Dünkü yarışta Grosjean bir hata yaptı ve bedelini adının 'sekize inmemecesine dokuza çıkması ile ödedi. Lotus pilotunun kaza sonrası pit duvarındaki monitörlerden kazayı izlerken ki pişmanlık ve utançla karışık yüz ifadesi, Lewis Hamilton'un tepkisi sonrası hızla oradan uzaklaşması, sonrasında herkesten dilediği özürler... Dün yaşadıkları, eğer bu psikolojik linçin altında ezilmezse Romain Grosjean'ı daha olgun bir pilot yapabilir diye düşünüyorum.

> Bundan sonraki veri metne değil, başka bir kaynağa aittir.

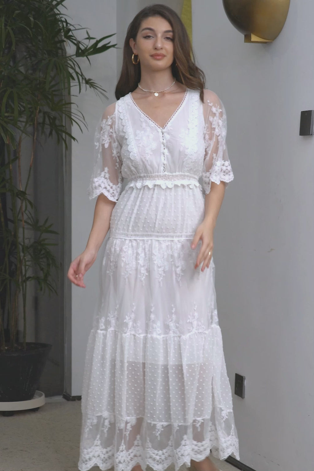 Vit En Linje Lång Boho Spets Förlovning Fest Klänning

Kazaya gelirsek, Grosjean yüzde yüz hatalıydı. Çok net! Fernando Alonso büyük şans eseri yara almadı. Bu da çok sevindirici zira eminim, taraflı ya da tarafsız herkesin yüreği ağzına geldi. Ama insanların muhakemeden yoksun bir şekilde, düşünmeden bir Formula 1 pilotunu değil, kasıtsız şekilde hata yapan bir insanı linç etmesi, hiç hoş bir durum değil. Bunu hayatımızın her alanında yapıyoruz, yapıyorlar, yapar.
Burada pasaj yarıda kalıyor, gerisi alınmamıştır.